Exit interview: Erik Soliván on Denver’s next housing steps, and his own

Soliván warned that the effects of displacement and gentrification run far deeper than many people expect, and he pointed to the Ink Coffee furor as a prime example.
4 min. read
Erik Solivan poses for a portrait on 15th Street, Feb. 16, 2018. (Kevin J. Beaty/Denverite) denver; denverite; kevinjbeaty; colorado;

Erik Soliván poses for a portrait on 15th Street. (Kevin J. Beaty/Denverite)

Erik Soliván worked his last day with the city of Denver last week after just more than a year as a top housing adviser to Mayor Michael Hancock. As he finished, he warned that the effects of displacement and gentrification run far deeper than many people expect, and he pointed to the Ink Coffee furor as a prime example.

In a recent interview, he declined to comment on the reason for his exit, which came as the city reorganized its housing efforts, but he spoke extensively on the housing crises in Denver and other cities.

"I traditionally don't speak about resignations and personnel decisions. I support the Office of Economic Development reorganization," he told Denverite.

Soliván, who previously worked as an executive with the Philadelphia Housing Authority, was hired in Denver as the director of the new Office of HOPE, created by Hancock to unify city efforts on housing policy and homelessness. Now, the housing expert will stay in Denver and look for other jobs in housing.

As he left, he offered a view of gentrification and the housing crisis. He said that his time in Denver showed him a city where the entire "fabric" of neighborhoods is changing.

"Part of the explosion around Ink Coffee was, at its core, a disrespect to the history of the neighborhood, and that is what is very much at the surface right now in the city," he said.

It's not just that housing prices and property taxes are climbing, he said -- current residents also are losing the basic amenities they need.

"There are neighborhoods in the city where housing doesn't have washers and dryers," he said. And, often enough, their laundromats are disappearing in favor of shops and restaurants.

With rapid change, "they're changing the very businesses that I rely on, and the amenities. Now I can't afford the grocery store. Now I don't have a laundromat. Now I can't have child care. ... If you don't respect that change in the neighborhood, and provide the amenities they need, they are left with no choice but to move."

If cities fail to mix together amenities -- "a high-end brewery next to a laundromat next to a bodega" -- then "the Latino or the African-American community is now being relegated to a smaller and smaller part of the neighborhood."

And gentrification, he said, is threatening the social connections and informal barter networks that allow people to survive with less income. He referred to his own childhood in Philadelphia's Hunting Park.

"There wasn't a grocery store. We didn't have any of those amenities," he said. Instead, a local church "created the marketplace for that exchange. You can exchange goods or provide empanadas and get a haircut."

The displacement of residents breaks apart those networks. "That's what brings the level of tension to the top," he said.

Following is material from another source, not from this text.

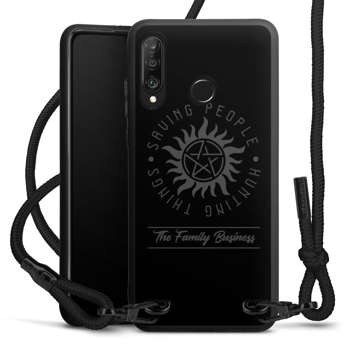 Pure Black: Handyhülle, Stoffband und Metalldetails in stylischem Mattschwarz.

Meanwhile, changes in federal tax law are making it harder for governments and developers to get funding for projects, he said. Lower corporate tax rates mean there's less demand for the tax credits that form the basis of the modern affordable development system.

"On the national scale, affordable housing is even more challenged at this time than it has been," he said. And the need's likely to keep growing in Denver, he warned.

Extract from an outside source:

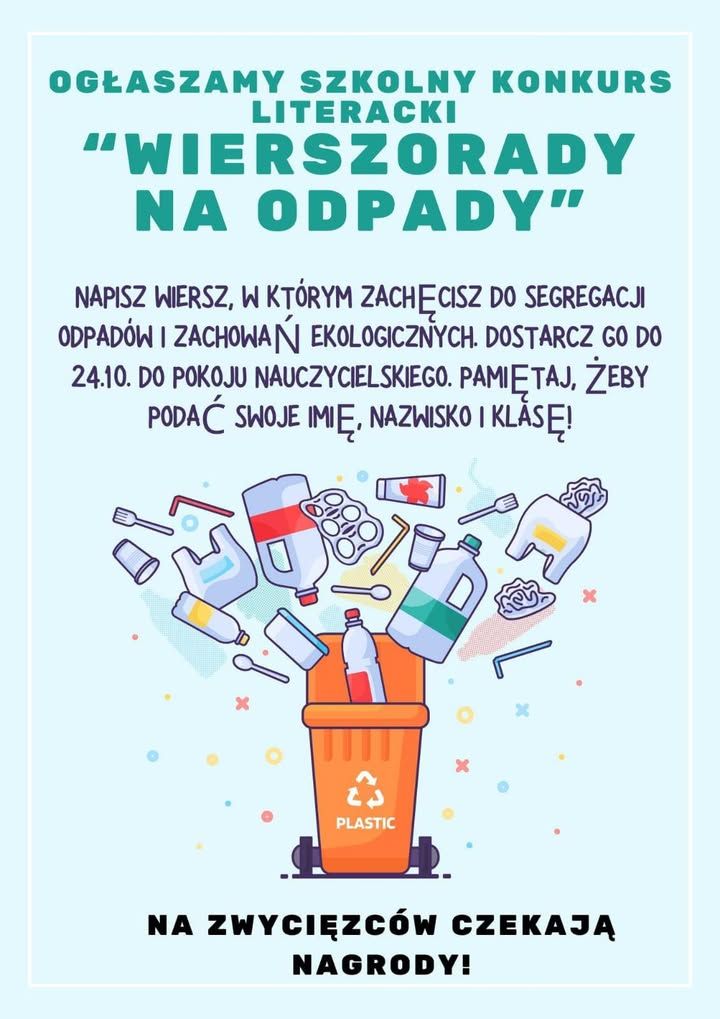 Zapraszamy do udziału w szkolnym konkursie literackim Wierszorady na odpady ! ️ ️ Więcej na Facebooku Szkoły!

"That median income's going to go higher, which means you're going to have more and more people who are falling into the core buckets of affordability," he said.

Soliván describes himself as a "houser," someone whose mission is to get people housed -- and he leaves with confidence that the city can accomplish that mission, he said.

"Where the city and all of its partners can continue to innovate, continue to leverage its dollars, continue to use its existing expertise in these communities, that is a way to address this problem more cohesively," he said.

Meanwhile, Soliván has some personal news, too. He's engaged to be married this year to a teacher in Denver.